*Data*.
|---|

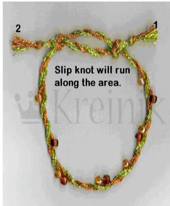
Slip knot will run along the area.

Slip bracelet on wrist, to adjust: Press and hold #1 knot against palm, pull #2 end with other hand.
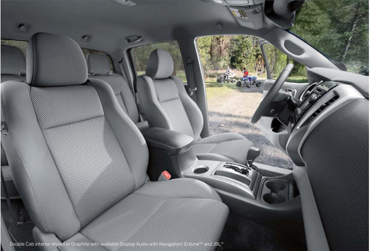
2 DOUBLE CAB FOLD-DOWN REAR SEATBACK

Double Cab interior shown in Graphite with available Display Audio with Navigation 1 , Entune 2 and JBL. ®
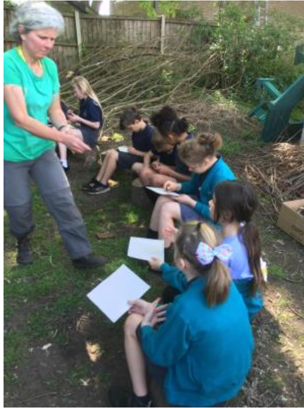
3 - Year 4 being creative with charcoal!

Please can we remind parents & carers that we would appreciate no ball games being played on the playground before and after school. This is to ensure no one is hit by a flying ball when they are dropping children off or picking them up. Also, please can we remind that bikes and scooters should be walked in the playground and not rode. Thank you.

|---|

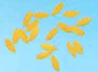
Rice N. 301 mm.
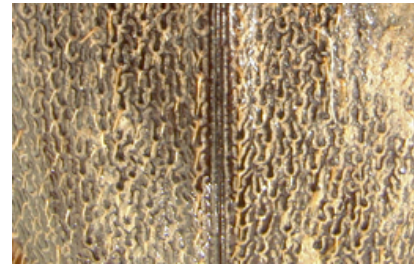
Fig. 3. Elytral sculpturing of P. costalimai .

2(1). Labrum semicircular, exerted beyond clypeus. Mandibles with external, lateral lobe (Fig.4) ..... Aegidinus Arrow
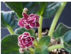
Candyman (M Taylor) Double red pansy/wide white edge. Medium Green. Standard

|---|

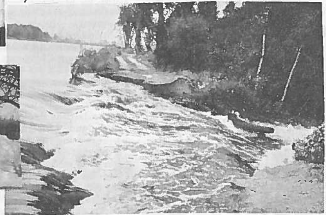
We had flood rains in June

|---|

*Try it*. In the data above, retype only the stretch from the line with "Slip knot will run along the area." through the line with "Double Cab interior", word for word, and skip any pictures.

*Output of the task*.
Slip knot will run along the area.

Slip bracelet on wrist, to adjust: Press and hold #1 knot against palm, pull #2 end with other hand.
2 DOUBLE CAB FOLD-DOWN REAR SEATBACK

Double Cab interior shown in Graphite with available Display Audio with Navigation 1 , Entune 2 and JBL. ®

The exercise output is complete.